The reboot is the biggest thing Supercell has done with mo.co since the global launch. Faster combat. New weapons. A new game mode called Score Hunt. A gacha system named P.E.R.K.S. A Weapon Sprints season pass that doubles as the new progression backbone. And a complete account-level reset designed to put everyone - the day-one invite holders, the players who joined after the July 2025 open-up, and the lapsed accounts coming back for Neo - on the same starting line at the same time.
Score Hunt: the new mode
Score Hunt is the centerpiece of the launch. It's a competitive elimination-style mode where players stack points by defeating Chaos Monsters under a running clock, with elimination rounds knocking out the lowest scorers until a leaderboard winner is left standing.

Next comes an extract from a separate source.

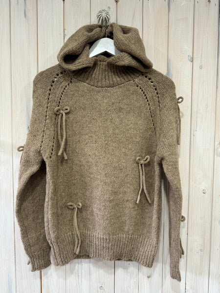 An exciting new brand to TWE. We love the delicate bows that adorn this unique knit. Style with pleather or jeans this winter.Size S/M : 6-12Size M/L: 14-16Fibre Composition: 40% Acrylic 30% Polyamide 25% Polyester 5% WoolHand Wash Only

The pitch reads close to a battle-royale cadence wired onto mo.co's existing combat verbs, and Supercell is treating it as the long-term competitive layer the game has been missing since its launch loop got too predictable late last year.

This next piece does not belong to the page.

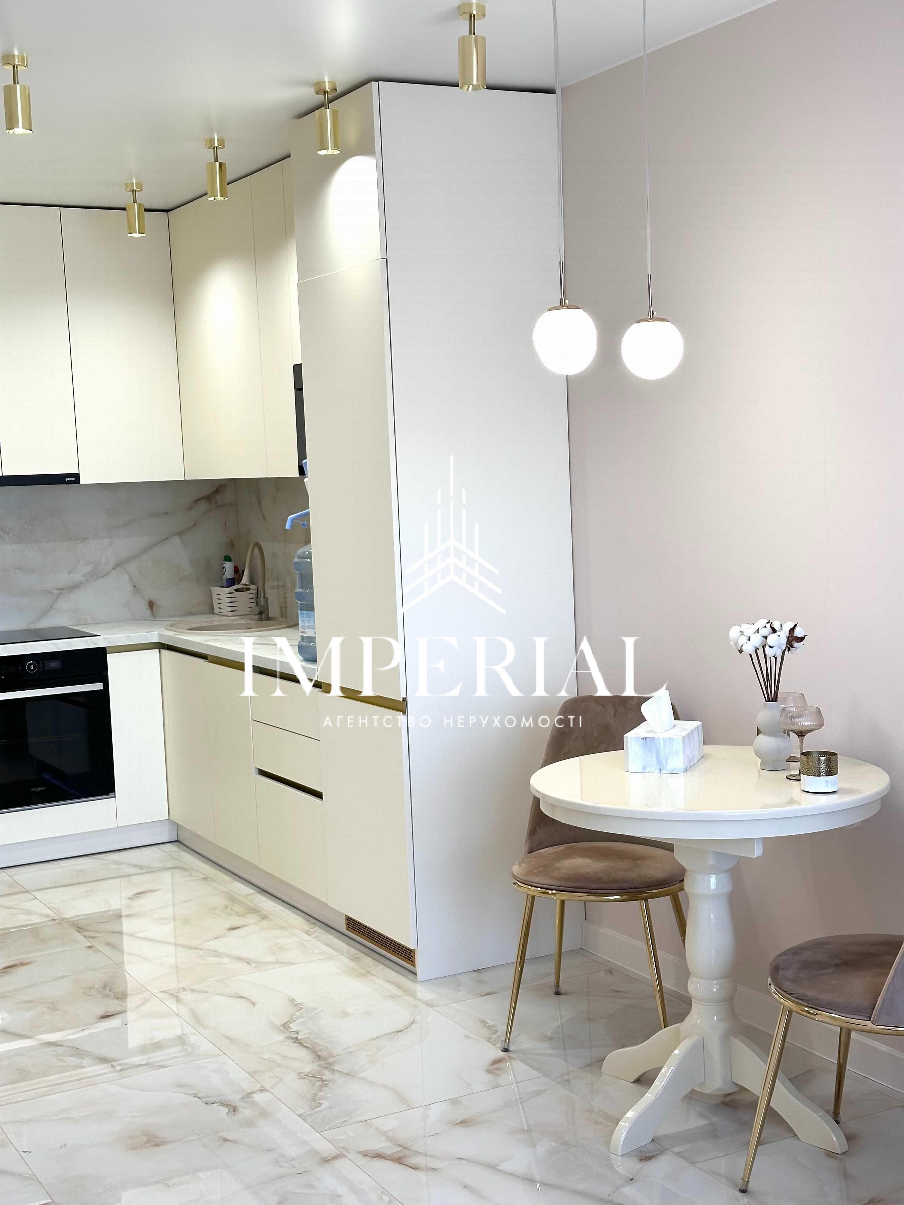 Кухня: вбудована кухня з італійською робочою поверхнею, посудомийна машина Hotpoint-Ariston, двокамерний холодильник Whirlpool, індукційна варильна поверхня та духова шафа Whirlpool, тепла підлога

The combat under the new mode is faster across the board. Supercell's Neo patch notes call out shorter weapon cooldowns, snappier dodge windows, and a rebalanced threat budget on every existing portal world. The studio also confirmed that the legacy progression - chapters, Hunter Level grinds, the old armor sets - has been retired wholesale rather than carried over with adjustments. Everyone starts fresh.
Weapon Sprints and the P.E.R.K.S gacha
The new progression vector is the Weapon Sprint, a one-month seasonal pass that hands out rewards tied to a featured weapon set. Free-track rewards include cosmetic skins, Upgrade Cores for the new gear-upgrade loop, and pulls on P.E.R.K.S, the game's first gacha system. Supercell has been careful to frame P.E.R.K.S as a sidegrade rather than a power-level escalator - perks adjust playstyle (extra dodge frames, lifesteal on critical hits, faster portal cooldown) rather than gating raw damage behind paywalled rarities.
P.E.R.K.S pulls are earned through Weapon Sprint progression and can also be purchased directly through the in-game shop, which is the lever that turns Neo into a meaningfully different monetization model from the launch version. The coverage out of Mobilegamer.biz framed the change as Supercell finally building the long-term monetization spine the launch version did not have.
Why the reset matters
mo.co has been on a slow burn since global launch. The numbers are real - 8.5 million downloads and $4.7 million in in-app purchase revenue over the first fourteen months - but the game has spent most of its second year searching for the seasonal hook that would keep players logging in past the chapter completion grind. Supercell delayed the Neo reboot from its original summer 2026 window to land it on May 21 specifically because the studio wanted the season structure, the gacha layer, and the new mode all live at the same time rather than dripped out over six months of patches.
The full progression reset is the bet. Everyone with a max-level Hunter as of yesterday is now back to Level 1 with the rest of the player base. The leaderboard is empty. Season 1 is the new starting point, and the next 30 days will tell Supercell whether the reboot is doing what the original launch did not.
What to do on day one
The Neo update is a forced download. If you played mo.co at any point between March 2025 and yesterday's maintenance window, your save state has already migrated and your Hunter is sitting at Level 1 the next time you open the app. Supercell has confirmed that purchased Gems carry over, cosmetic unlocks from the launch version remain in the wardrobe, and a one-time welcome-back Weapon Sprint kicks in automatically for any account flagged as a returning player. There is no opt-in or migration step. The Neo era is just the version of the game everyone is on as of today.